Not really true in the case of O and China. Virtually all basal O3 haplogroups are found in the Han, although many would argue they have been co-opted into that group. Where O3 is found in non-Han a case can easily be made that its expansion merely pre-dates the Han expansion by a two or three thousand years, and represents an earlier Neolithic expansion than that of the Han. O1 is present in South China but its greatest expansion is probably associated with the Austronesians, which is undoubtedly a Neolithic expansion. O2 breaks into northern and southern branches, the southern appears related to the Late Hoabinhian. Also basically Neolithic.
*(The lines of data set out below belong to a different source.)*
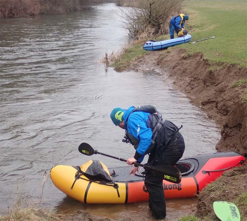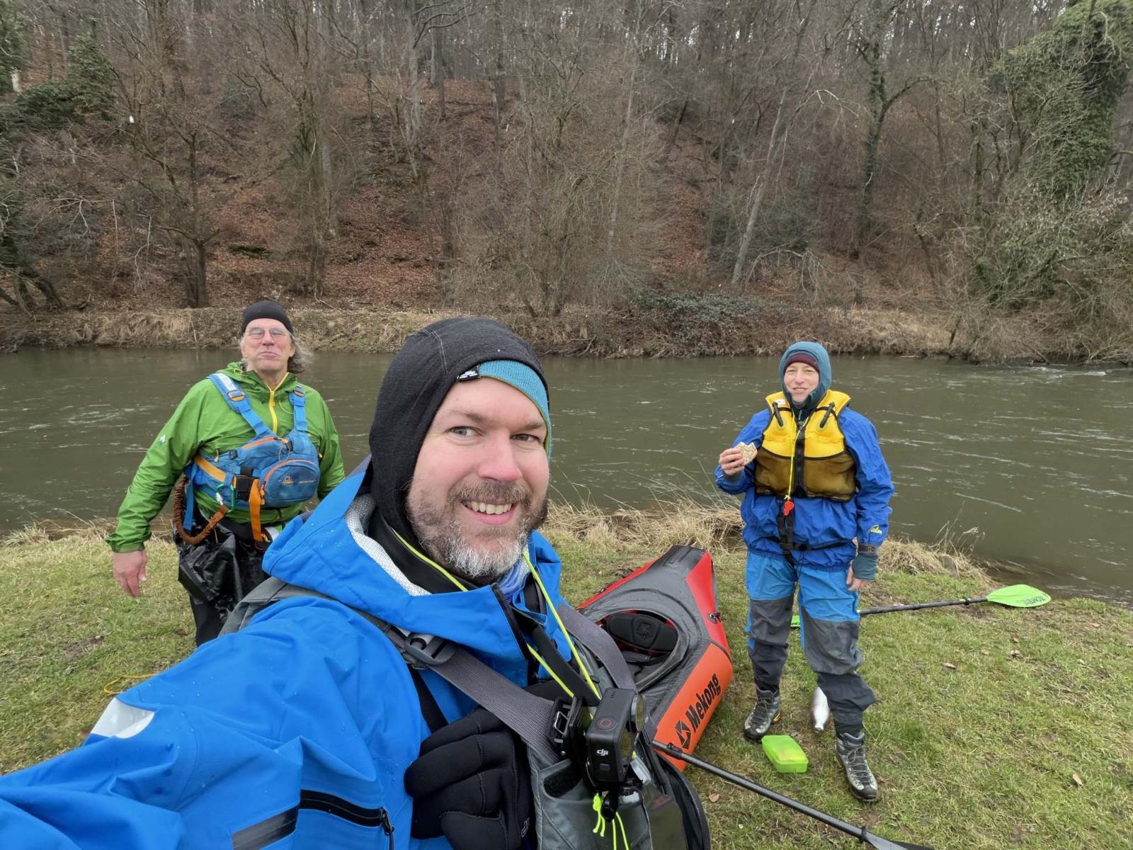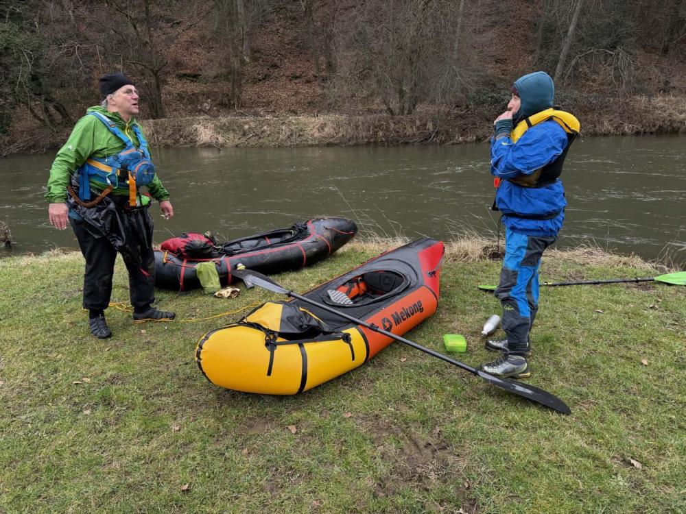 Hier dann ein kleiner Bericht zu der Tour Bis ein paar Tage vor der Tur, war ich mir ja unsicher, ob überhaupt durch Niederschlag genügend Pegel für die Sülz zusammen kommt, oder wir auf die Agger, die nicht so viel Entertainement bietet, ausweichen müssen. Dann hat es aber in den letzten 48 std vor dem Paddeln derartig geschüttet, daß das kein Thema mehr war, aber umgekehrt, ob der hohe Pegel nicht unsere Mitpaddlerin in ihrem Delta mit rel wenig Paddelerfahrung überfordert.. Bei Dennis & mir ist das ja kein Thema und ihm kam das gerade recht, um sein neues fränzösisches Wildwasser-Packraft zu testen. Am Vorabernd hat Dennis beim Rumsurfen noch ausgegrabern, daß momentan durch Rep-Arbeiten der Ausstieg bzw Umtragen direkt am rösrather Wehr nicht möglich ist. Am Morgen trafen wir uns am Austieg des KC Delphin an der Agger, ca 1 km vor dem Aggerwehr, liessen mein Auto dort stehen und fuhren mit Dennis Auto zuerst zum rösrather Wehr, um zu schauen, wie dort in der momentanen Baustelle das Umtragen möglich ist (ja möglich, aber ziemliche Schlammschlacht) und dann weiter zum hoffnungstaler Wehr, um zu schauen, ob ein Umtragen für unsere Mitpaddlerin möglich ist (Knackpunkt ist der provisorische Ausstieg, da da bei höheren Pegeln Strömung drauf steht) da dies recht suboptimal aussah und zusätzlich die Äste an der „Treppe“ des Wehrs so tief hingen, daß wir ein gutes Risiko sahen, daß wir 2 bei Durchfahrt von den Ästen aus dem Boot geräumt werden, haben wir es uns easy gemacht und alle 3 zusammen hinter dem Wehr eingesetzt. Später am rösrather Wehr gab es dann die erwartete Schlammschlacht beim Umtragen, das Waldstück hinter Rösrath schoen und etwas herausfordernd durch die Kurverei um die Bäume, dort habe ich darauf geachtet, für unsere Mitpaddlerin eine gute Linie vorzugeben. Unterwegs machten wir eine längere Pause, um unsere Vorräte zu vertilgen und kamen dann rechtzeitig deutlich vor dem Dunkelwerden wieder am KC Delphin an. Fazit : Eine schöne Tour bei mittlerem Pegel, unsere Mitpaddlerin mit ihrem Delta hat prima mitgehalten, die könnte jetzt bei hohen Pegeln auch mit einem WW-Packraft mitpaddeln... Wir werden bestimmt in den nächsten 1-2 Monaten noch 1-2 Touren dort machen, evtl auch mal eine längere Strecke (Sülz Haus Thal → Agger → Sieg → Rhein) auf 2 Tage verteilt mit Zelten / Grillen, wenn jemand gerne mitkommen will, kann er mir auch schon vorab eine PN schreiben... ein paar Pics von der Pause... Das Schlamm Abspritzen und anschliessend auf der Terrasse trocknen hat dann im weiteren Verlauf des WE anders geklappt, als gedacht
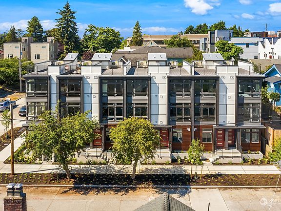 Presenting a luxury new construction townhome located in Fremont with beautiful views of the Seattle Skyline. Boasting a contemporary design with premium fixtures and finishes. Open-concept living with a gourmet kitchen, premium SS appliances & custom cabinetry. Light-filled rooms from large windows, mini-split heating, and cooling for energy efficiency. Top floor primary suite with spa-like bath. Second bedroom on lower level with own bath and bonus/flex space upon entry. Entertainer's roof deck with gorgeous views of the Seattle Skyline and Bellevue! Just a few minutes away from Green Lake, vibrant local shops, eateries, nightlife, breweries, sought-after parks & more. Designated parking included! 4-Star Built Green.
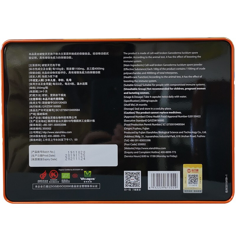 首页>全部商品>营养保健>营养成分>灵芝孢子粉>仙芝楼牌破壁灵芝孢子粉胶囊250mg/粒*80粒*2瓶/盒
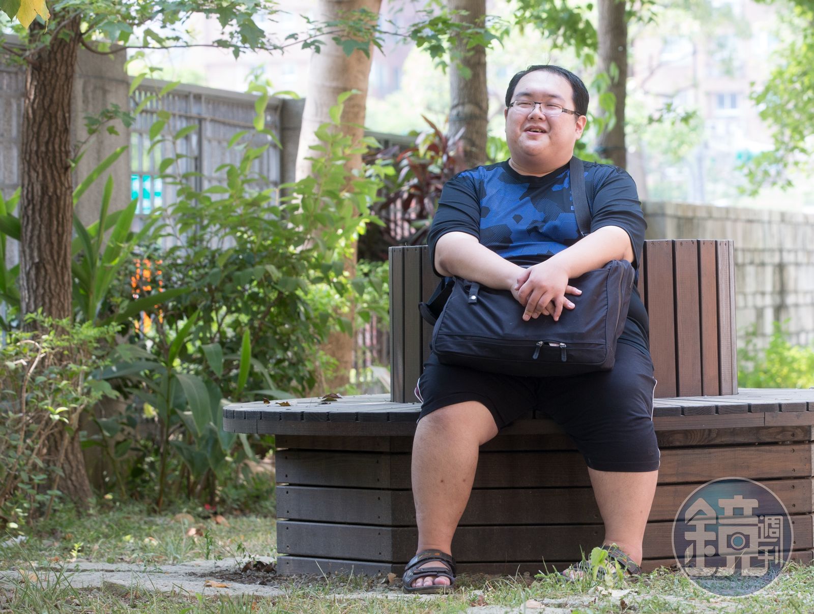 「後來我學會反擊,我很會打架,有人被我打到住院。」上了高職,因為不適應,體重到達220公斤,「我每天醒來,就覺得好累,好想去死。」站著累,躺著也累,當時是樂隊班,他因為太胖沒有制服穿,於是不能上台表演。他說,當時每天就是無意識地一直吃。

"I agree, several subgroups of O show clear signs of recent expansion with rice farmers. But as with R1b, this is not necessarily true for the original members of O nor for some of its subgroups".

The 'Neolithic' in East Asia goes further back than just to 'rice farmers' though. But O3a2c looks very likely to have first expanded with rice farming. But the same may hold for O3a2 as a whole, and even for O3a1. O2's expansion is almost certainly pre-rice, but O1's may be associated with the expansion of rice through South China and SE Asia. and I do concede that the split between O1, O2 and O3, predates the Neolithic. twenty-seven thousand years is the date given in another recent paper on the subject.

princenuadha said...

If DE and E (?) came from Eurasia, then how come Africans don't have neandertal?

Do you think E entered Africa before the proto eurasians mixed with neandertal?

Dienekes said...

"Haplogroup DE is group of "southern" Out-of-Arabians heading east (D) or west (E); "

terryt said...

"Haplogroup DE is group of 'southern' Out-of-Arabians heading east (D) or west (E)"

But it is difficult to make a case for D having moved east through South Asia. Many Y-DNA haplogroups survive in South Asia (both C-derived and F-derived) but the D haplogroups found there today (D1) obviously came from further east. It is unlikely that a single Y-DNA haplogroup would be the only one to suffer such extreme extinction through the expansion of later Y-DNAs.

James Dow Allen said...

Has not Otzi the Snowman had his complete Y-chromosome sequenced? Since his age is known, wouldn't comparison with modern G2a's allow the mutation rate to be read directly?

I was delighted to read the Francalacci paper, though I agree with you that "whether the current Sardinian population is descended from that initial expansion or from a later successful founder remains to be seen."

James Dow Allen said...

Prof. Francalacci pointed me to pages 7 and 24 of his paper's Supplement which addresses the matter of Otzi. He mentions difficulty reading the ancient sample, but concludes it to be consistent with his chronology.

Despite the reading difficulty, one can imagine an extrapolation to derive a mutation rate by comparison, but the paper makes no mention of such.